Любое общение строится на достижении взаимопонимания или имитации такого достижения. Понимание основывается на общности когнитивной базы участников общения, т.е. на тех общих знаниях (пресуппозициях) об устройстве мира и нормах поведения людей в мире, которые признаются само собой разумеющимися.

Степень активности или яркости концепта в индивидуальном, групповом и национально-культурном сознании проверяется в эксперименте. Если испытуемые не могут адекватно определить значение слова, выражающего тот или иной концепт, значит, соответствующий концепт не является для них ярким. Эта методика убедительно раскрыта в работах И.А. Стернина и его учеников (Стернин, 2001; Грищук, 2002; Рудакова, 2002 и др.). Но определение концепта не сводится к его дефиниции или истолкованию. В индивидуальном и коллективном сознании имеется множество концептов, которые трудно вербально определить. К числу таких концептов относятся многие репрезентации предметов, животных, растений. В данном случае релевантным оказывается признак узнаваемости. В нашем эксперименте испытуемые юноши не смогли вербально охарактеризовать, что такое плиссе и гофре, но их жесты красноречиво свидетельствовали о том, что главная характеристика соответствующей фактуры ткани – наличие складок – ими осознается адекватно. Испытуемые девушки только жестами смогли пояснить, что такое долото и зубило, не дифференцируя эти инструменты. Особый интерес представляют угасающие и появляющиеся концепты. К числу первых в современной русской лингвокультуре можно отнести, например, «кротость», к числу вторых – «виртуальность».

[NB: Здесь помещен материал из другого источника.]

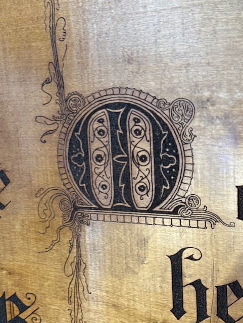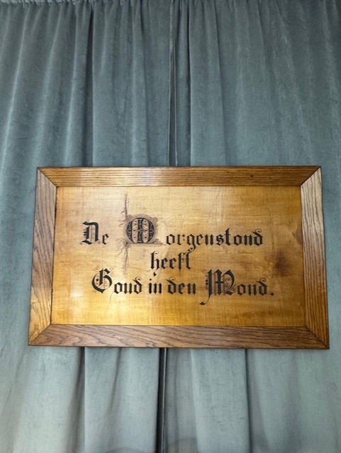 Groot art deco houtnijverheid spreukenbord: "De morgenstond heeft goud in den mond".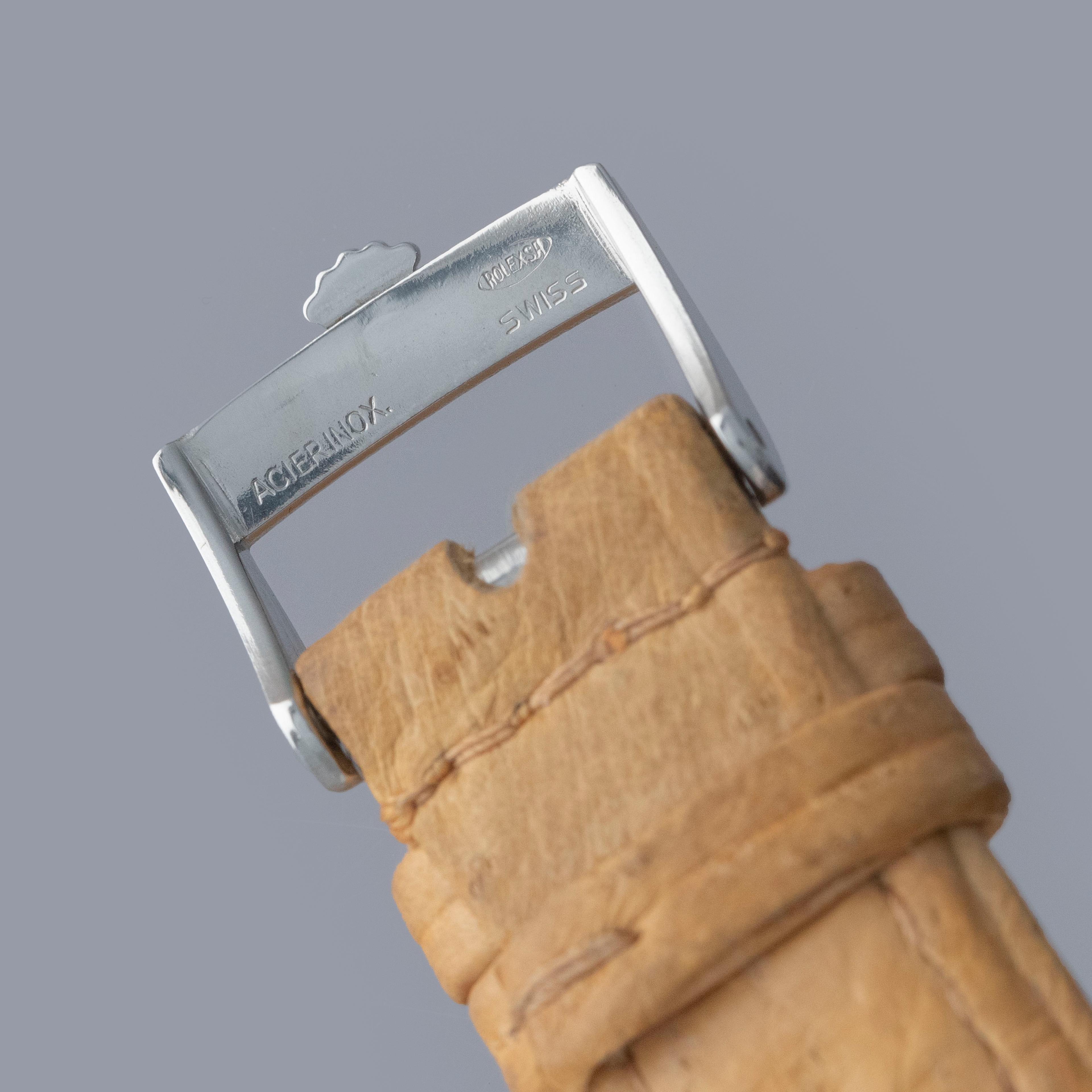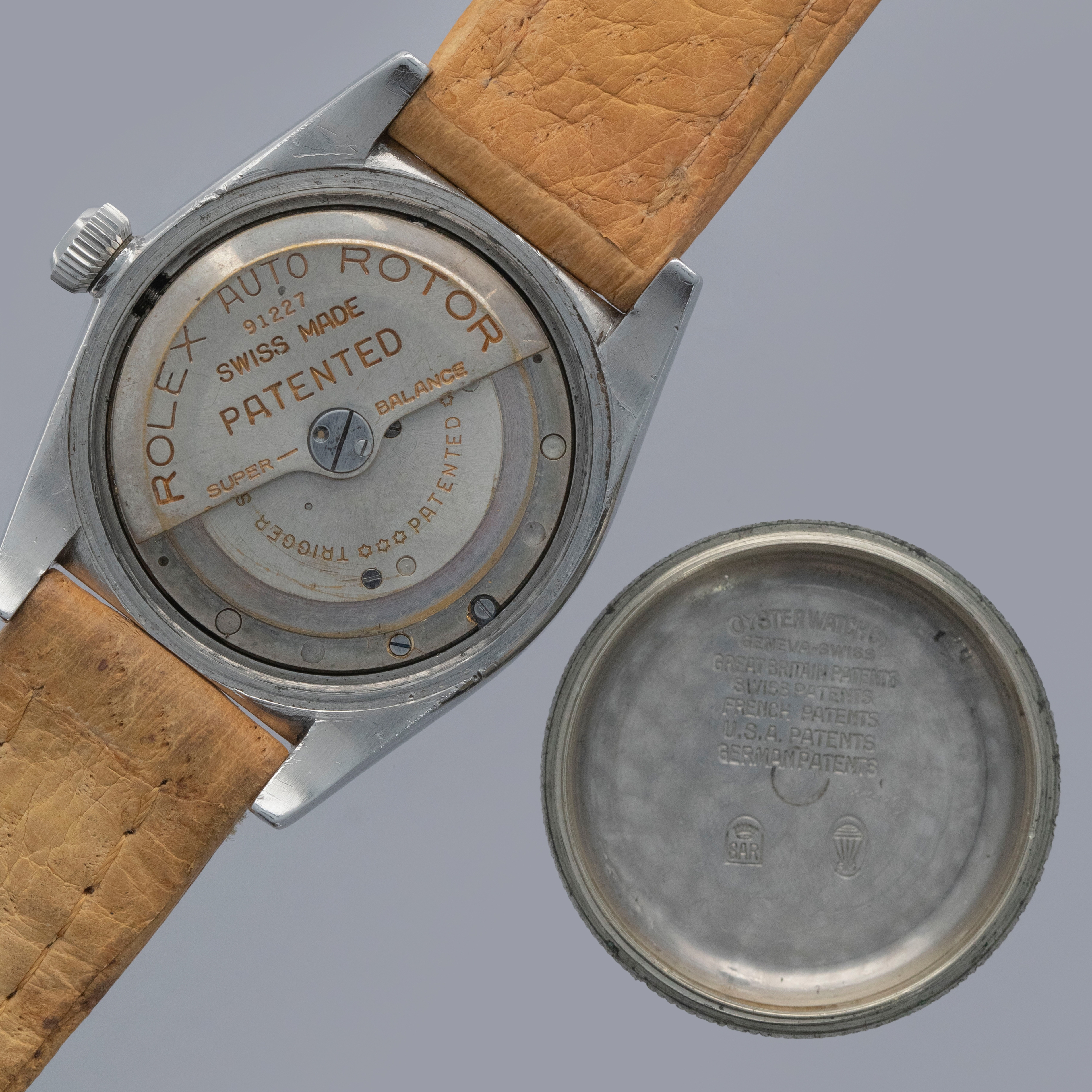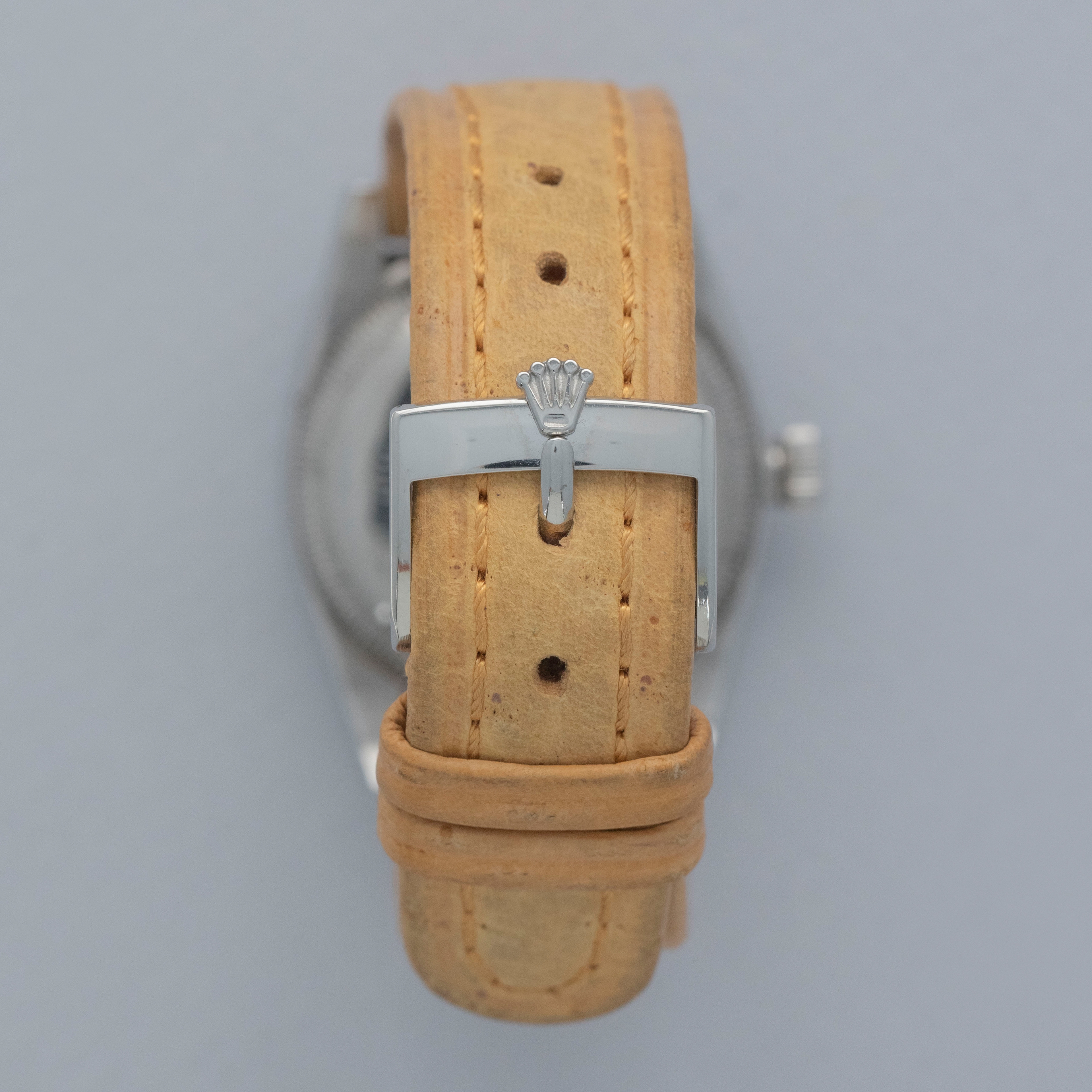 Watch is in overall very good condition. The steel case shows surface scratches and nicks, while the case back retains well-defined serial and reference stamps along with a still-legible Mappin engraving and stock number, with some wear and dings visible to the tool teeth. The watch retains its original Oyster Patent crown. The dial shows surface marks, oxidation and and some spotting in areas. The blued hands show some oxidation, and are original Rolex, but may have been changed at some point (this dial is typically seen with rose colored hands). It is fitted with a vintage Rolex leather strap and a steel Rolex pin buckle. Please note that the watch ticks at time of cataloging, but timekeeping is poor and a service is recommended.

Содержательная модификация представляет собой частичное изменение образа, описательных признаков и ценностной составляющей концепта. Существуют концепты, обнаруживающие стабильность своего содержания при их передаче, узнавании и истолковании (обычно это наиболее важные для обыденной жизни поведенческие реакции, предметы, явления, процессы и качества), и концепты, образная, понятийная и ценностная составляющие которых различны в языковом сознании индивидуумов, социальных групп и этносов. Концепты второго типа могут вступить в конфликт с чуждыми для них концептосферами. Прежде всего, это касается несовпадения ценностных компонентов соответствующих концептов. Таков, например, концепт «privacy» — «приватность» в английской и русской лингвокультурах (Прохвачева, 2000). С иных позиций степень содержательной модификации концепта можно охарактеризовать, принимая во внимание то, насколько критически относится индивидуум к соответствующему концепту. Если концепт стал стереотипом поведения, то участники общения используют его автоматически, например, говоря «спасибо» после угощения или улыбаясь незнакомому человеку. В религиозном, политическом, рекламном и педагогическом дискурсе мы сталкиваемся с тенденцией стабилизации концептов в сознании, перевода ценностно значимых оснований концептов в аксиомы, не подлежащие обсуждению, а в научном дискурсе – с тенденцией дестабилизации и уточнения концептов.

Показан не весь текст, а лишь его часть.